> **Work order**
Give back exactly the lines from the one holding "还有一些画面比较开阔的,比如" to the bottom of the material, both included, and nothing more. No pictures.

= = = =

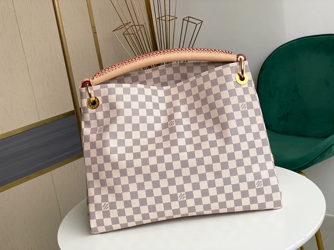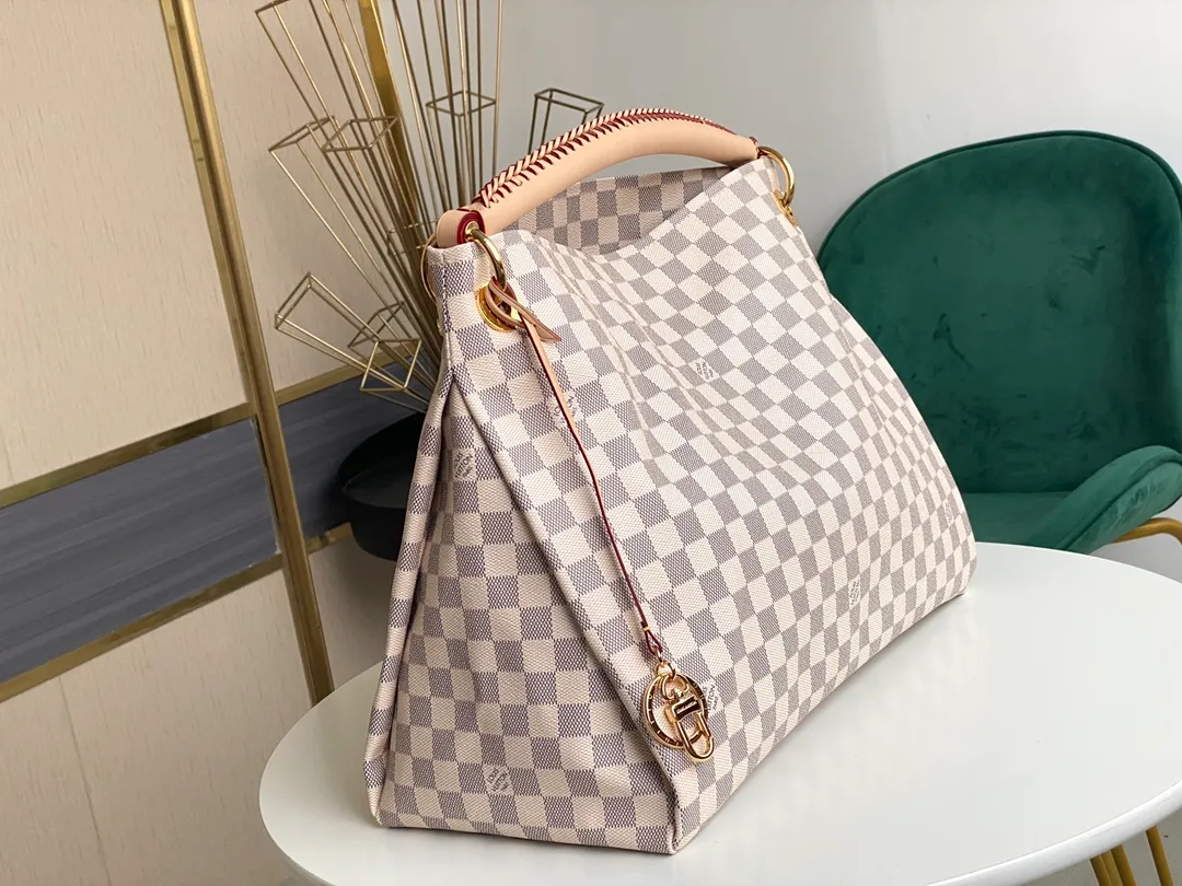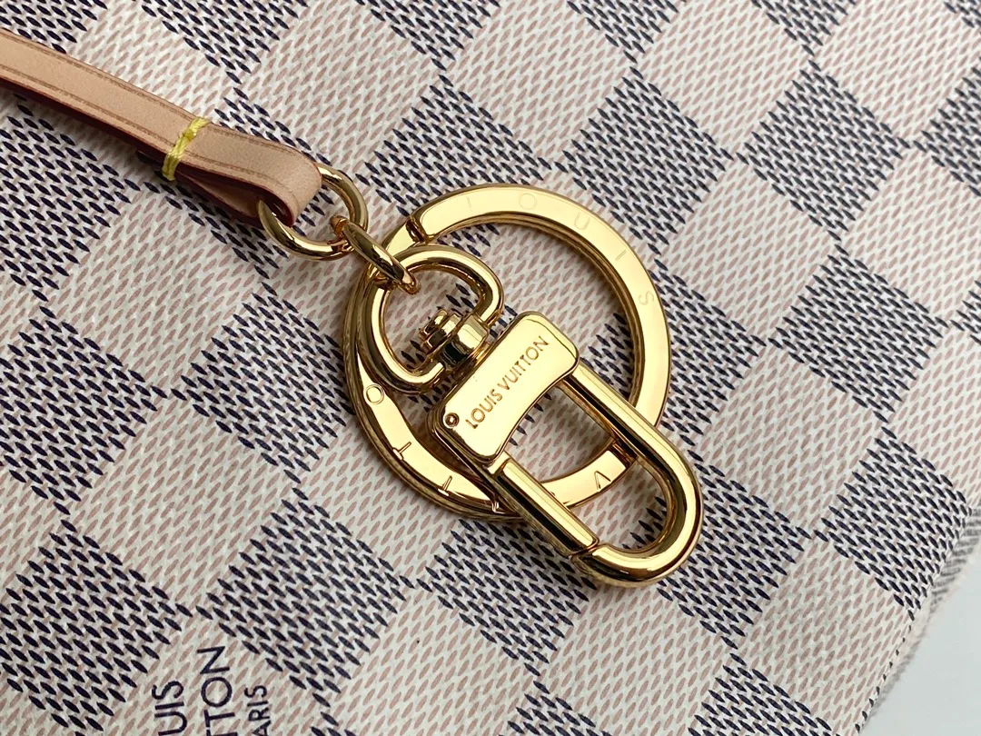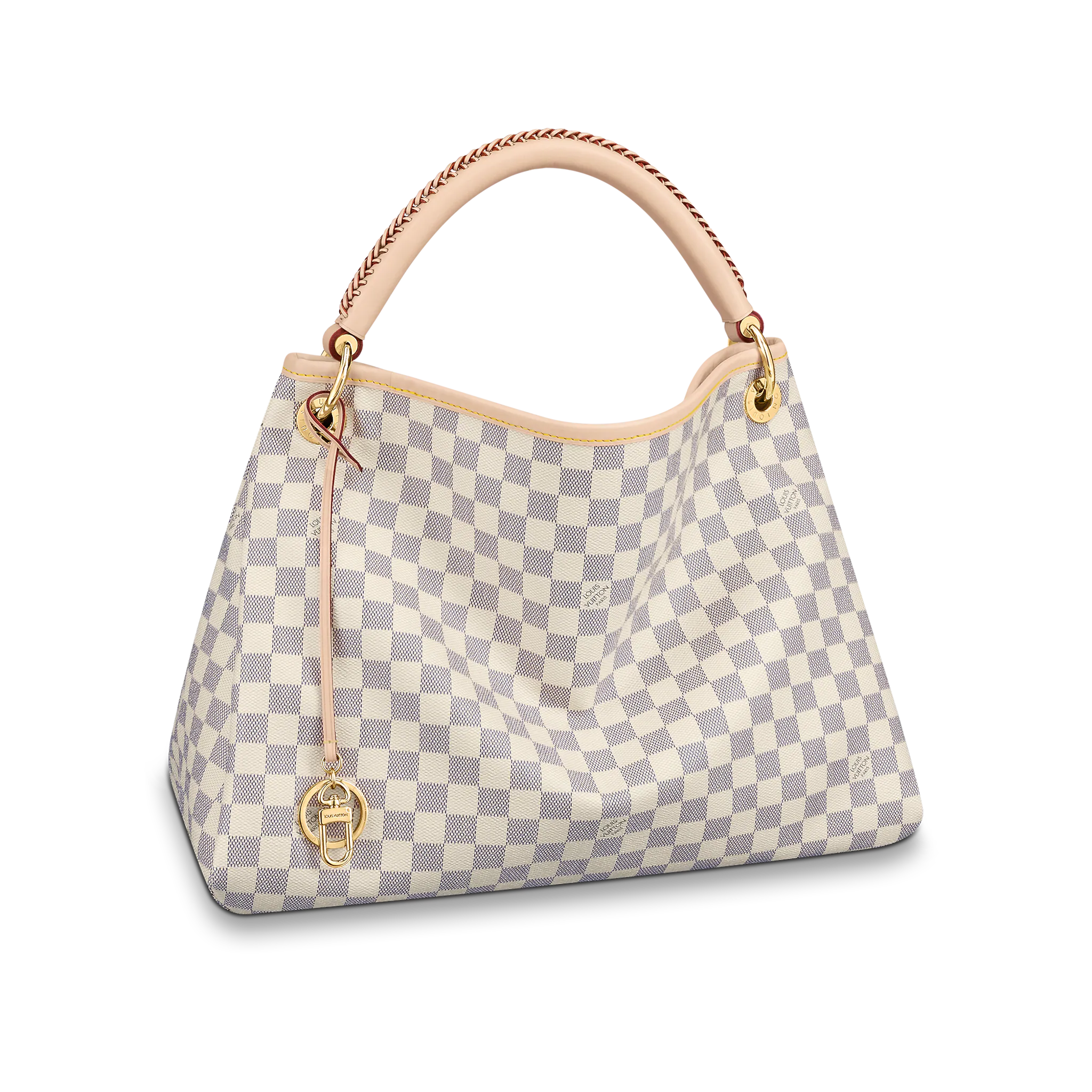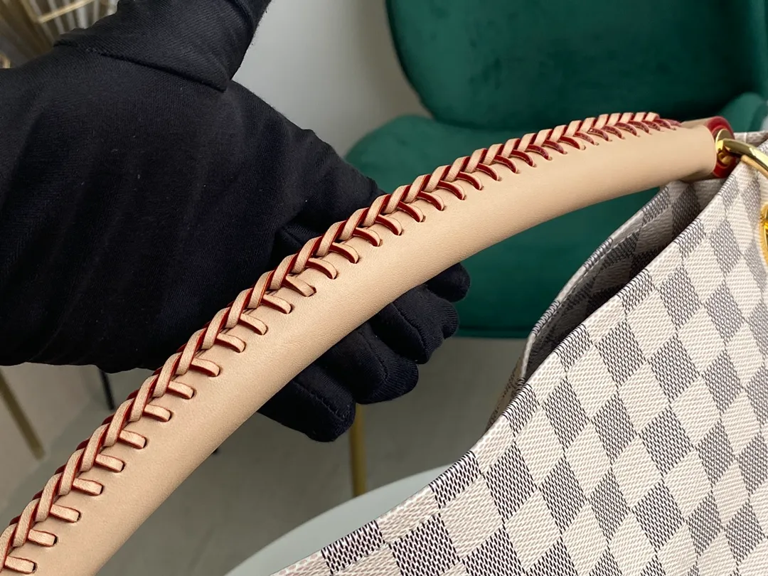The Artsy MM looks fresh and feminine in supple Damier Azur canvas. Adorned with shiny golden brass and a chic bag charm, its exquisite handcrafted leather handle adds a luxurious crowning touch.
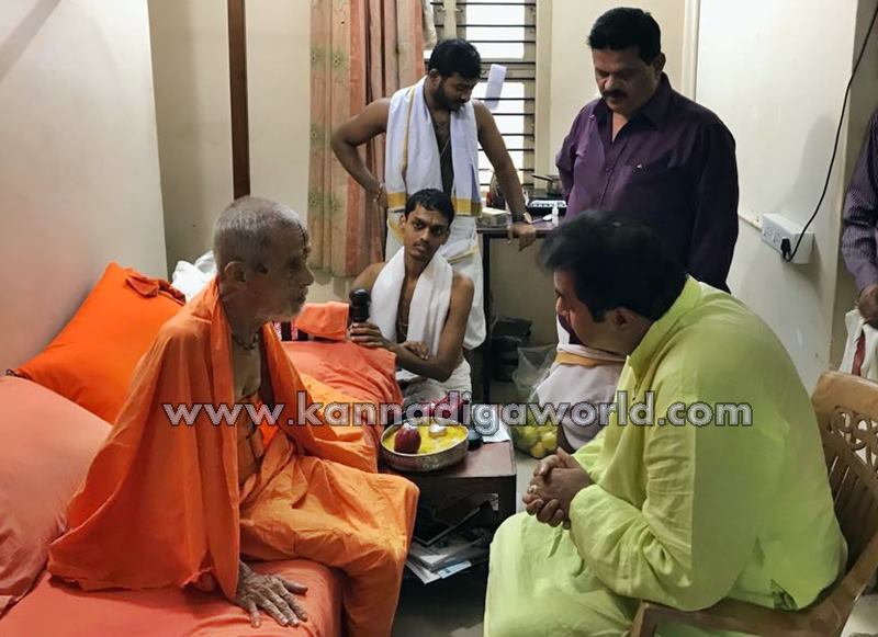 ಉಡುಪಿ: ಮೀನುಗಾರಿಕೆ, ಯುವಸಬಲೀಕರಣ, ಕ್ರೀಡೆ ಮತ್ತು ಜಿಲ್ಲಾ ಉಸ್ತುವಾರಿ ಸಚಿವ ಪ್ರಮೋದ್ ಮಧ್ವರಾಜ್ ಅವರು ಪೇಜಾವರ ಸ್ವಾಮೀಜಿಗಳನ್ನು ಭೇಟಿ ಮಾಡಿ, ಅವರ ಆರೋಗ್ಯವನ್ನು ವಿಚಾರಿಸಿದರು.
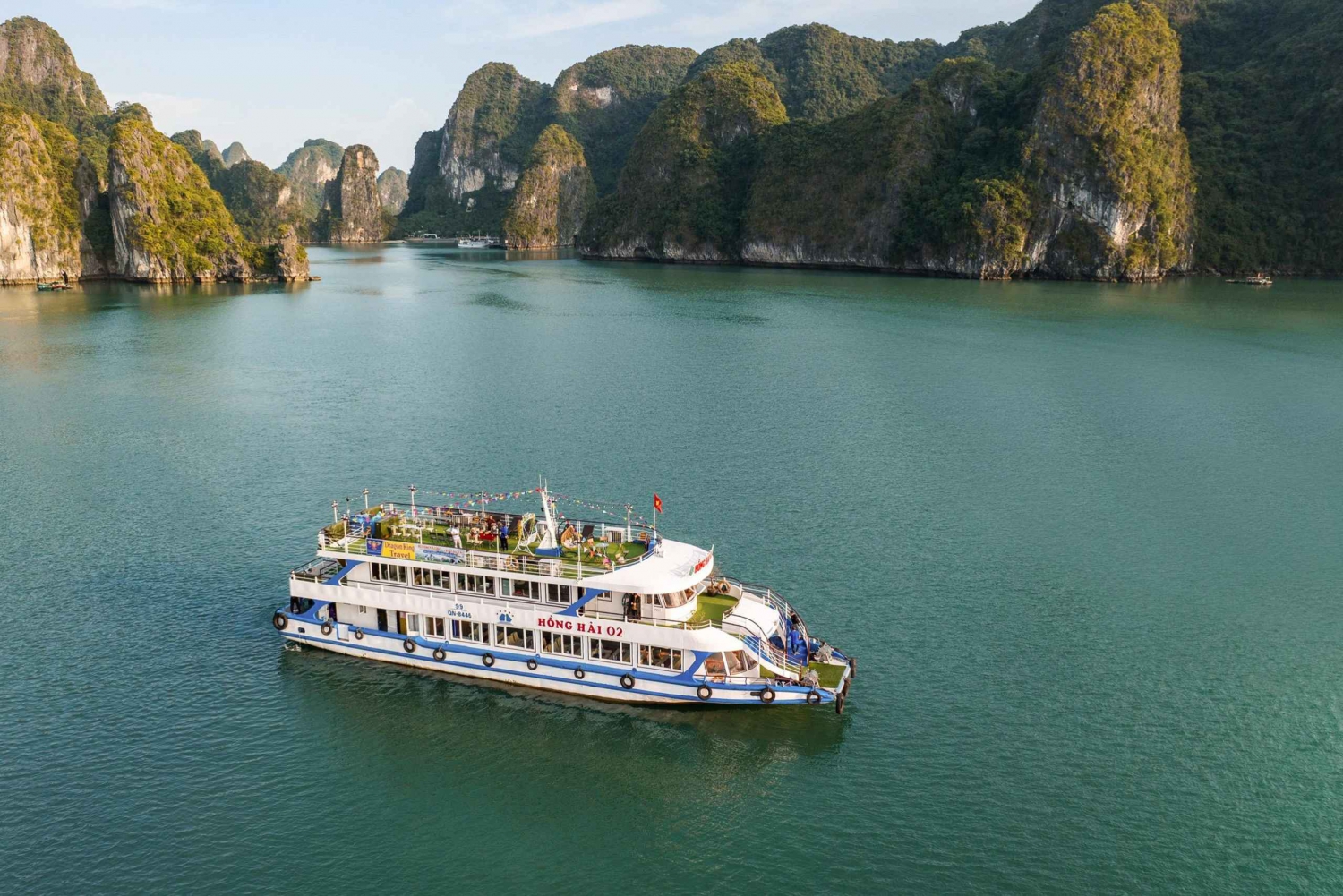 Ontdek de schoonheid van Halong Bay 1 dag op een boot. Geniet van een traditionele lunch met zeevruchten, bezoek Surprise Cave, zwem en wandel naar Titop Island, kajak in Luon Grotto en geniet van een zonsondergang in de baai.
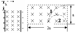 如图所示,一带电微粒从两竖直的带等量异种电荷的平行板上方h处自由落下,两板间还存在匀强磁场,方向垂直纸面向里,
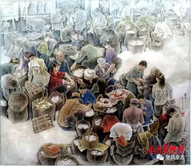 还有一些画面比较开阔的,比如《蛋市》,蛋市即湘乡谭市镇,1980年代曾经是中部地区重要的鸡蛋交易市场,各色人物在这里交易、交集,《蛋市》将这一场景描绘下来,一幅典型的改革开放初期的集贸市场风俗画;还有《苗寨的笑声》,画的是苗寨的乡亲们看电影时笑得前伏后仰的快乐场景,里面人物众多,每一个都栩栩如生。
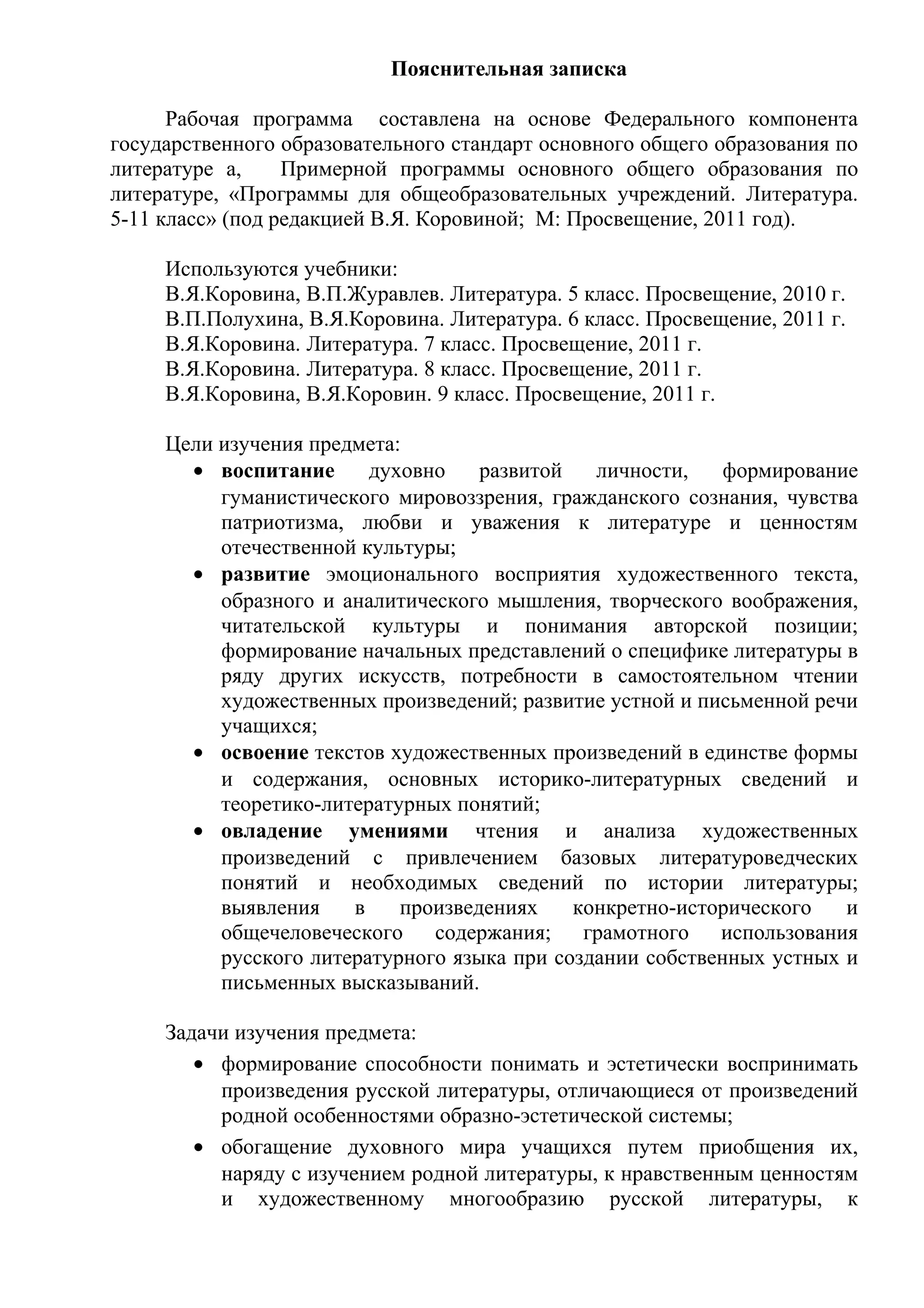Документ представляет собой пояснительную записку к рабочей программе по литературе для основного общего образования, основанной на федеральных образовательных стандартах. Он описывает цели и задачи изучения литературы, включает структуру уроков и содержание учебного материала по классам, а также контроль знаний учащихся. Особое внимание уделяется формированию духовно развитой личности и развитию навыков чтения и анализа литературных произведений.

= = = =

> **Expected answer**
 还有一些画面比较开阔的,比如《蛋市》,蛋市即湘乡谭市镇,1980年代曾经是中部地区重要的鸡蛋交易市场,各色人物在这里交易、交集,《蛋市》将这一场景描绘下来,一幅典型的改革开放初期的集贸市场风俗画;还有《苗寨的笑声》,画的是苗寨的乡亲们看电影时笑得前伏后仰的快乐场景,里面人物众多,每一个都栩栩如生。
Документ представляет собой пояснительную записку к рабочей программе по литературе для основного общего образования, основанной на федеральных образовательных стандартах. Он описывает цели и задачи изучения литературы, включает структуру уроков и содержание учебного материала по классам, а также контроль знаний учащихся. Особое внимание уделяется формированию духовно развитой личности и развитию навыков чтения и анализа литературных произведений.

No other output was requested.